Itu terjadi setelah terjadi insiden mengejutkan di Universitas Bina Bangsa, dimana sekelompok mahasiswa Baru mendapat perlakuan tidak mengenakan tak lain pemotongan rambut.
Sebagai bagian dari peraturan yang baru diterapkan oleh pihak Panitia PKKMB Universitas Bina Bangsa.
Kejadian ini memicu protes dari mahasiswa dan organisasi kemahasiswaan yang menganggap tindakan tersebut sebagai pelanggaran hak individu dan terlalu berlebihan.

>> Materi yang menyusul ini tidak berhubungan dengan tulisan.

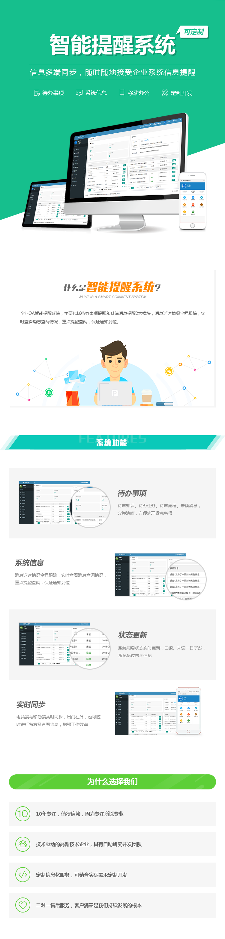 企业OA智能提醒系统,主要包括待办事项提醒和系统消息提醒2大模块,消息送达情况全程跟踪,实时查看消息查阅情况,重点提醒查阅,保证通知到位。

Informasi yang diterima redaksi, Insiden tersebut bermula saat sejumlah mahasiswa yang menghadiri acara orientasi kampus diingatkan oleh panitia bahwa rambut panjang dianggap tidak sesuai dengan “etika kampus”.
Mahasiswa yang menolak untuk mematuhi peraturan tersebut kemudian dipanggil untuk menjalani pemotongan rambut di depan Gedung D Kampus A Universitas Bina Bangsa.
Salah satu mahasiswa, Muhammad Riski Muslia Roza, yang mengalami pemotongan rambut, mengungkapkan kekecewaannya. “saya mmengalami pemotongan rambut,” ujar Riski, Jumat 27 September 2024.
“Saya merasa direndahkan dan dipermalukan di depan teman-teman saya, tidak adil dalam pemotongan rambutnya karena saya melihat ada juga mahasiswa baru yang rambutnya panjang tidak di potong malah di lewatkan itu menurut saya terlihat ketidakadilanya,” sambung dia.
Tindakan pemotongan rambut paksa dianggap bentuk pengekangan kebebasan berekspresi.
Sejumlah mahasiswa mengajak untuk berdiskusi tentang pentingnya menghargai keragaman dan menegakkan hak-hak individu di lingkungan pendidikan. “Kampus seharusnya menjadi ruang untuk belajar dan berekspresi, bukan tempat untuk tekanan dan intimidasi,dan hal ini Banyak mahasiswa yang berbicara kepada saya yang memotongnya itu yang Bernama Netral” kata Adam selaku mahasiswa universitas Bina Bangsa semester 3 jurusan ilmu komputer.
Riski Apriansyah, mahasiswa universitas Bina Bangsa semester 5 berujar, PKKMB itu bukan sebagai ajang penindasan untuk mahasiswa baru, melainkan sebagai ajang pertanggungjawaban.
”hubungannya dengan di potongnya rambut mahasiswa baru itu mengancam keterbatasan nya kebebasan berekspresi,” tutur dia.
“Mungkin terlihat banyaknya senyuman terlemparkan dari mahasiswa baru, yang padahal mahasiswa tersebut banyak keluhan yang terjadi dan rasa kecewa yang ada di benak mahasiswa baru,”
Para mahasiswa menuntut panitia yang memotong rambutnya agar bertanggungjawab atas hal tersebut.
”Pentingnya kebebasan berpendapat dan penghormatan terhadap identitas individu di dunia pendidikan,” tandasnya.